**WHAT IS EXPECTED**
Exact retyping of the data: please keep every word and drop each picture.

(RAW DATA)

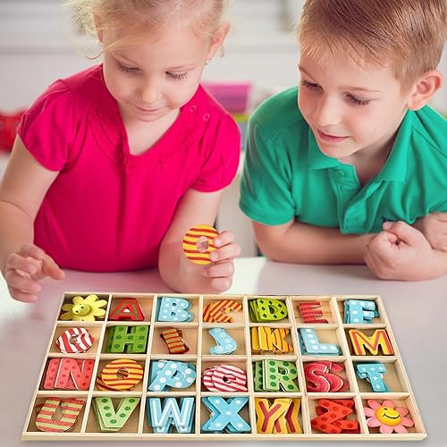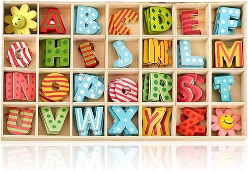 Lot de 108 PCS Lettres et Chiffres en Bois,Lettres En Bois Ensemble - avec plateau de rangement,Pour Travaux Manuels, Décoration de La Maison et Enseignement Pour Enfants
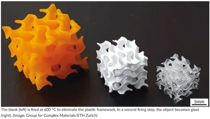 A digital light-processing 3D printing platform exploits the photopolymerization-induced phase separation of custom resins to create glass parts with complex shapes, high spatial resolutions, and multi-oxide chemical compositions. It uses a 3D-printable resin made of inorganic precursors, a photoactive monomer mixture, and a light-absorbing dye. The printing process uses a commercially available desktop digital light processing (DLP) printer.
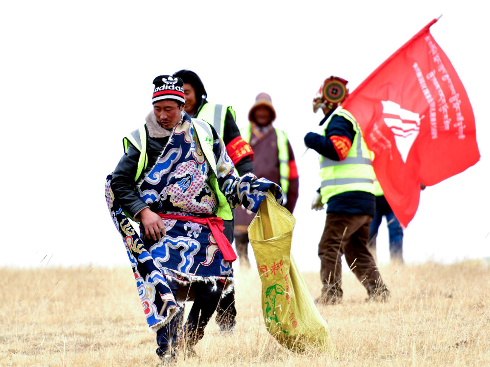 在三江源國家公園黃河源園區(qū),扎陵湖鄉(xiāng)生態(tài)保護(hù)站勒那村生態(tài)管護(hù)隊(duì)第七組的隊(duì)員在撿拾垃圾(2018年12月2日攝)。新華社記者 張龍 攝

(End RAW DATA)

**ANSWER SECTION**
 Lot de 108 PCS Lettres et Chiffres en Bois,Lettres En Bois Ensemble - avec plateau de rangement,Pour Travaux Manuels, Décoration de La Maison et Enseignement Pour Enfants
 A digital light-processing 3D printing platform exploits the photopolymerization-induced phase separation of custom resins to create glass parts with complex shapes, high spatial resolutions, and multi-oxide chemical compositions. It uses a 3D-printable resin made of inorganic precursors, a photoactive monomer mixture, and a light-absorbing dye. The printing process uses a commercially available desktop digital light processing (DLP) printer.
 在三江源國家公園黃河源園區(qū),扎陵湖鄉(xiāng)生態(tài)保護(hù)站勒那村生態(tài)管護(hù)隊(duì)第七組的隊(duì)員在撿拾垃圾(2018年12月2日攝)。新華社記者 張龍 攝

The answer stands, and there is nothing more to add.